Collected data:
★ ★ ★ ★ ★ ★ ★

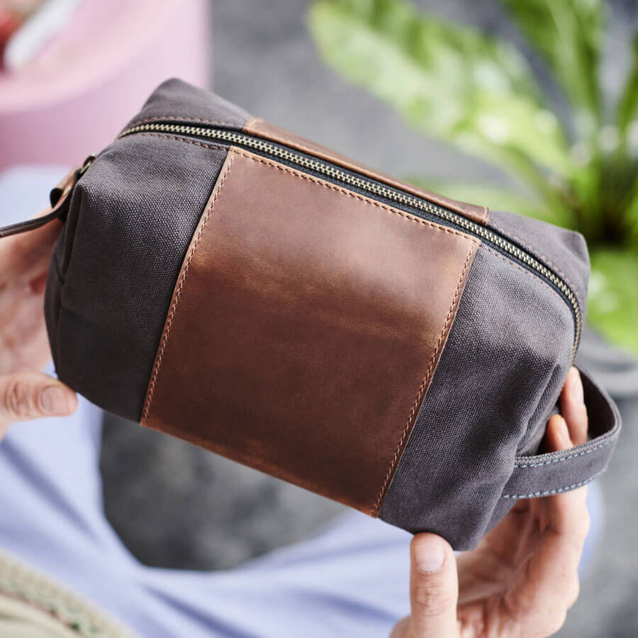 We have handmade each wash bag, using tough, smooth buffalo leather, which will soften and develop a beautiful patina as it's used and high quality canvas. We carefully hand-make each one to ensure their longevity and function.
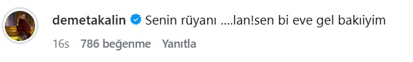 Kurt'un gönderisine ise eşi Demet Akalın'dan esprili bir karşılık gelince, çiftin aralarındaki şakacı ilişki bir kez daha gözler önüne serilmiş oldu. Ünlü şarkıcı eşinin gönderisine, Senin rüyanı *** Lan sen bir eve gel bakalım!" yorumunu yapmıştı. Akalın'ın bu çıkışı kısa sürede ses getirmişti.
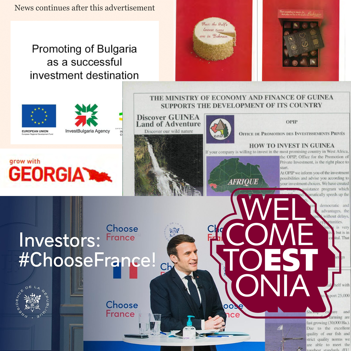 India on ärile avatud. Guinea on ärile avatud. Bulgaaria reklaamimine eduka investeeringute sihtkohana. Choose France. Welcome to Estonia. Sellised reklaamid vohavad Financial Timesi, The Economisti, Äripäeva ja teiste rahvusvaheliste ärilehtede reklaamiveergudel. Mida need reklaamid õigupoolest teevad? Ons tegu kõigest tähtsusetu lobaga või muudavad nad tegelikult ka midagi?
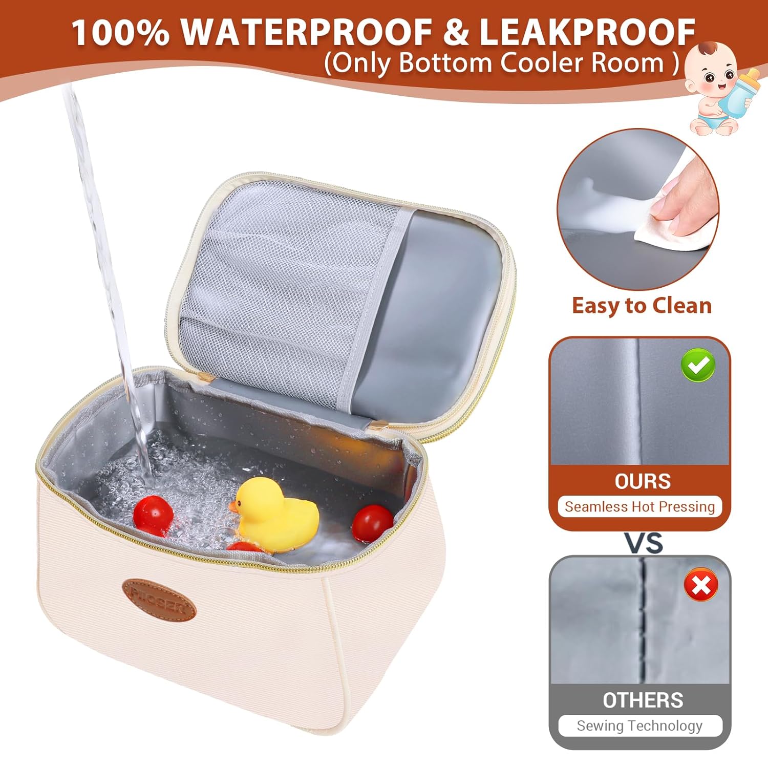 PIIOSER Breast Milk Cooler Bag with 2 Ice Pack, Fit 6 Freeze Breastmilk Storage Bags Up to 8Oz, Insulated Baby Bottles Tote Bag for Daycare and Breastfeeding Mom, Black(Cream-XS)
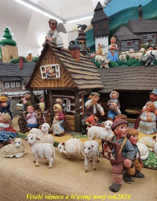 Dřevěný betlém, postupně vyřezávaný Davidem Prachařem,
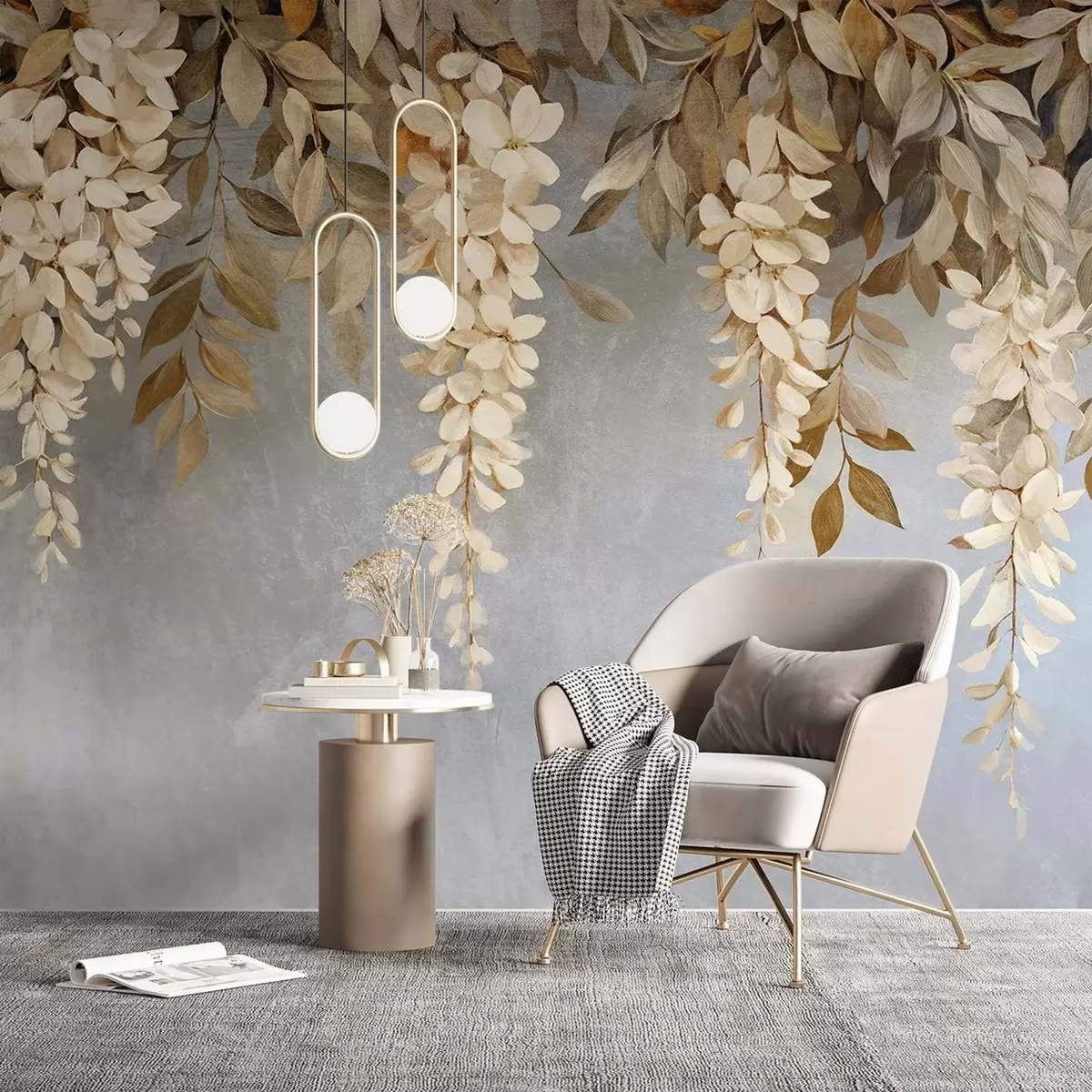 Fototapety Jemné bílé a světle béžové květy vistárie s listy kaskádovitě padajícími dolů na jemném šedém pozadí Č. w08531
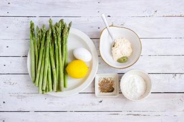 2、准备配料:芦笋,柠檬,蛋清,色拉酱,芥末酱,干淀粉,椒盐,食用油等
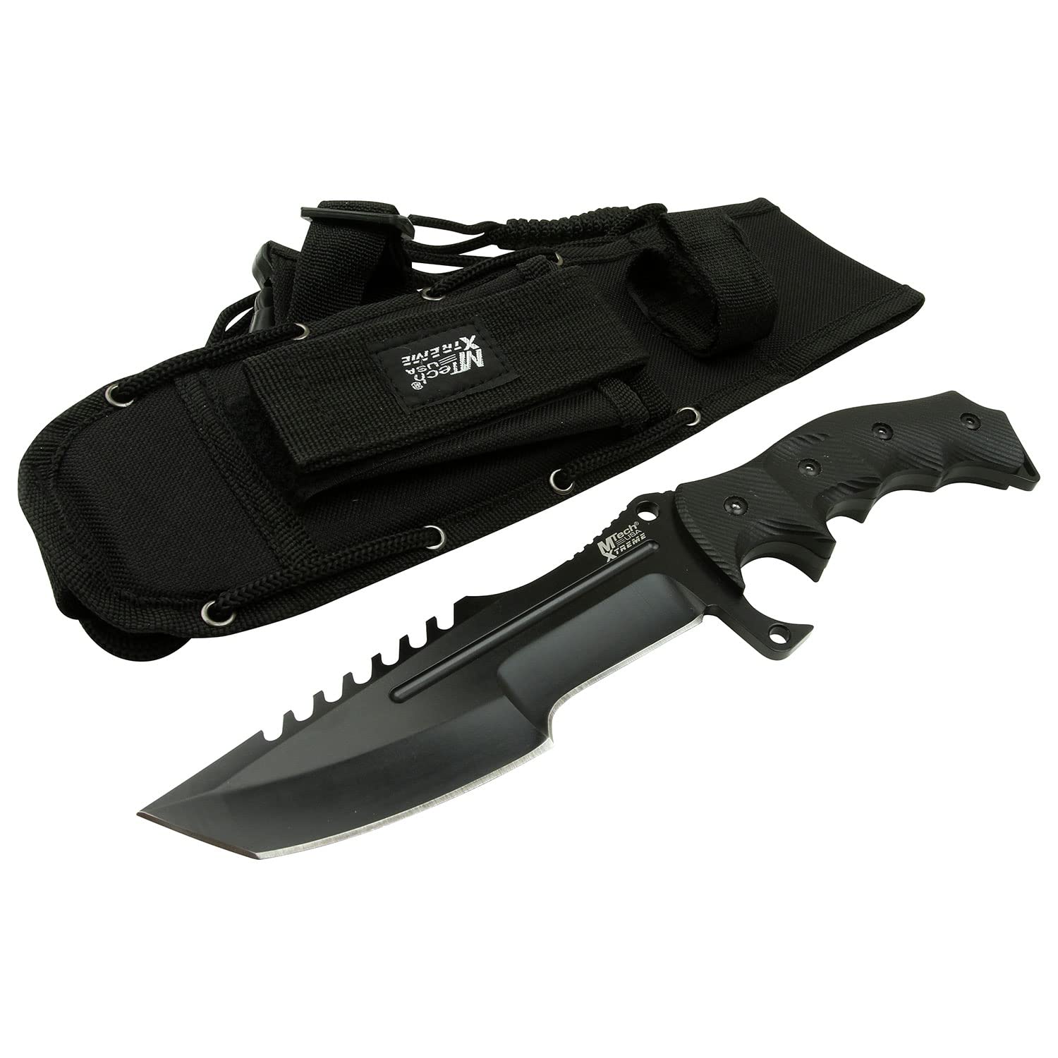 The MTech USA Xtreme Fixed Blade Tactical Knife (model MX-8054) features a black tanto blade and a black G10 handle, with an 11-inch overall length. Designed for tactical purposes with combat in mind, this hefty blade has saw back serrations along the spine and a blood groove. This fixed blade knife features a 5-1/2-inch, 5.5mm thick, 440 black stainless steel tanto style blade. Grade 440 stainless steel contains more carbon, giving it excellent hardness and edge retention. The black G10 handle offers a superior grip in even the wettest of conditions and has an extended guard for added protection. The handle offers finger grooves for an even more comfortable grip and added control and has a lanyard hole on the end allowing you to attach additional para cord. It comes complete with a black nylon sheath for easy and safe carry. MTech USA Xtreme offers a variety of both tactical fixed blade and folding knives that are made with thicker and higher grade materials such as 440A and 440C stainless steel blades.
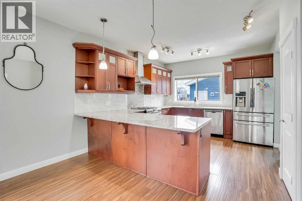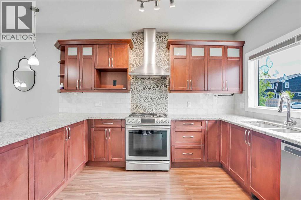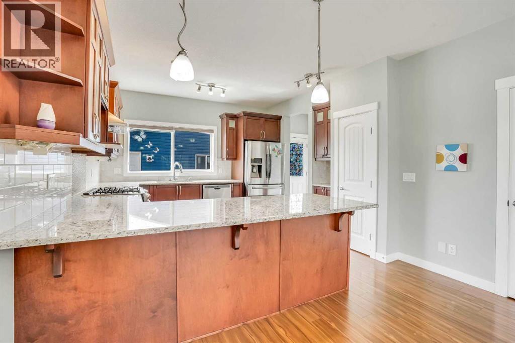 LOCATION!!! LOCATION!!!! Location!!! Welcome to Meticulously kept 2015 Built EAST FACING 1,865 Sq Ft SINGLE FAMILY DETACHED HOME including OVERSIZED DOUBLE Detached Garage with Unfinished Basement in a most Desirable community of REDSTONE On A Corner Lot. The CURRENT ORIGINAL OWNERS had upgraded the home extensively like Laminate/Tile Flooring, 9’ Main ceiling, Stainless Steel Appliances, Maple Cabinets, Granite Countertops everywhere, Railing at Stairs, Central Air Conditioning, Front Porch, & Rear Deck with Concrete Patio. MAIN FLOOR invites you with an OPEN CONCEPT FLOOR PLAN having decent front foyer followed by Spacious Living Room, MODERN STYLE UPGRADED Kitchen with Large Dining space to entertain large family, Pantry room and 3pc FULL WASHROOM finishes the level. The KITCHEN IS HIGHLY UPDATED WITH FULL HEIGHT CABINETS, CHIMNEY HOOD FAN, GAS STOVE, BUILT IN MICROWAVE, elegant backsplash and large bright window. The UPSTAIRS you have a Large Master Bedroom with 3pc Ensuite & walk in closet, Other 3 Good size Bedrooms with closets, Separate Laundry Room. The HUGE UNFINISHED BASEMENT with Egress Windows is waiting for your creative ideas. THE WEST FACING BACKYARD with Deck and Concrete Patio facilitates the low maintenance landscaping makes it ideal for summer gatherings. Plus Having Sprinklers for Grass. OVERSIZED DOUBLE DETACHED GARAGE with a paved back alley makes it ideal for your convenient lifestyle. The lovely Home is Located on Quiet Street, while Few minutes walk/drive to TRANSIT, PARK, PLAYGROUND, Shopping Plaza -Sanja Punjab & Chalo Fresco & few Mins drive to YYC, major highways, Cross iron Mall. Ideal for Living or Investment purposes to increase your rental portfolio. Don't Miss 3D Tour. Must Buy. Call Now your favourite realtor to schedule a viewing. (id:63190)

★ ★ ★ ★ ★ ★ ★

**Task brief:**
Each record, word for word, should be printed again without its pictures.

**Answer space:**
 We have handmade each wash bag, using tough, smooth buffalo leather, which will soften and develop a beautiful patina as it's used and high quality canvas. We carefully hand-make each one to ensure their longevity and function.
 Kurt'un gönderisine ise eşi Demet Akalın'dan esprili bir karşılık gelince, çiftin aralarındaki şakacı ilişki bir kez daha gözler önüne serilmiş oldu. Ünlü şarkıcı eşinin gönderisine, Senin rüyanı *** Lan sen bir eve gel bakalım!" yorumunu yapmıştı. Akalın'ın bu çıkışı kısa sürede ses getirmişti.
 India on ärile avatud. Guinea on ärile avatud. Bulgaaria reklaamimine eduka investeeringute sihtkohana. Choose France. Welcome to Estonia. Sellised reklaamid vohavad Financial Timesi, The Economisti, Äripäeva ja teiste rahvusvaheliste ärilehtede reklaamiveergudel. Mida need reklaamid õigupoolest teevad? Ons tegu kõigest tähtsusetu lobaga või muudavad nad tegelikult ka midagi?
 PIIOSER Breast Milk Cooler Bag with 2 Ice Pack, Fit 6 Freeze Breastmilk Storage Bags Up to 8Oz, Insulated Baby Bottles Tote Bag for Daycare and Breastfeeding Mom, Black(Cream-XS)
 Dřevěný betlém, postupně vyřezávaný Davidem Prachařem,
 Fototapety Jemné bílé a světle béžové květy vistárie s listy kaskádovitě padajícími dolů na jemném šedém pozadí Č. w08531
 2、准备配料:芦笋,柠檬,蛋清,色拉酱,芥末酱,干淀粉,椒盐,食用油等
 The MTech USA Xtreme Fixed Blade Tactical Knife (model MX-8054) features a black tanto blade and a black G10 handle, with an 11-inch overall length. Designed for tactical purposes with combat in mind, this hefty blade has saw back serrations along the spine and a blood groove. This fixed blade knife features a 5-1/2-inch, 5.5mm thick, 440 black stainless steel tanto style blade. Grade 440 stainless steel contains more carbon, giving it excellent hardness and edge retention. The black G10 handle offers a superior grip in even the wettest of conditions and has an extended guard for added protection. The handle offers finger grooves for an even more comfortable grip and added control and has a lanyard hole on the end allowing you to attach additional para cord. It comes complete with a black nylon sheath for easy and safe carry. MTech USA Xtreme offers a variety of both tactical fixed blade and folding knives that are made with thicker and higher grade materials such as 440A and 440C stainless steel blades.
 LOCATION!!! LOCATION!!!! Location!!! Welcome to Meticulously kept 2015 Built EAST FACING 1,865 Sq Ft SINGLE FAMILY DETACHED HOME including OVERSIZED DOUBLE Detached Garage with Unfinished Basement in a most Desirable community of REDSTONE On A Corner Lot. The CURRENT ORIGINAL OWNERS had upgraded the home extensively like Laminate/Tile Flooring, 9’ Main ceiling, Stainless Steel Appliances, Maple Cabinets, Granite Countertops everywhere, Railing at Stairs, Central Air Conditioning, Front Porch, & Rear Deck with Concrete Patio. MAIN FLOOR invites you with an OPEN CONCEPT FLOOR PLAN having decent front foyer followed by Spacious Living Room, MODERN STYLE UPGRADED Kitchen with Large Dining space to entertain large family, Pantry room and 3pc FULL WASHROOM finishes the level. The KITCHEN IS HIGHLY UPDATED WITH FULL HEIGHT CABINETS, CHIMNEY HOOD FAN, GAS STOVE, BUILT IN MICROWAVE, elegant backsplash and large bright window. The UPSTAIRS you have a Large Master Bedroom with 3pc Ensuite & walk in closet, Other 3 Good size Bedrooms with closets, Separate Laundry Room. The HUGE UNFINISHED BASEMENT with Egress Windows is waiting for your creative ideas. THE WEST FACING BACKYARD with Deck and Concrete Patio facilitates the low maintenance landscaping makes it ideal for summer gatherings. Plus Having Sprinklers for Grass. OVERSIZED DOUBLE DETACHED GARAGE with a paved back alley makes it ideal for your convenient lifestyle. The lovely Home is Located on Quiet Street, while Few minutes walk/drive to TRANSIT, PARK, PLAYGROUND, Shopping Plaza -Sanja Punjab & Chalo Fresco & few Mins drive to YYC, major highways, Cross iron Mall. Ideal for Living or Investment purposes to increase your rental portfolio. Don't Miss 3D Tour. Must Buy. Call Now your favourite realtor to schedule a viewing. (id:63190)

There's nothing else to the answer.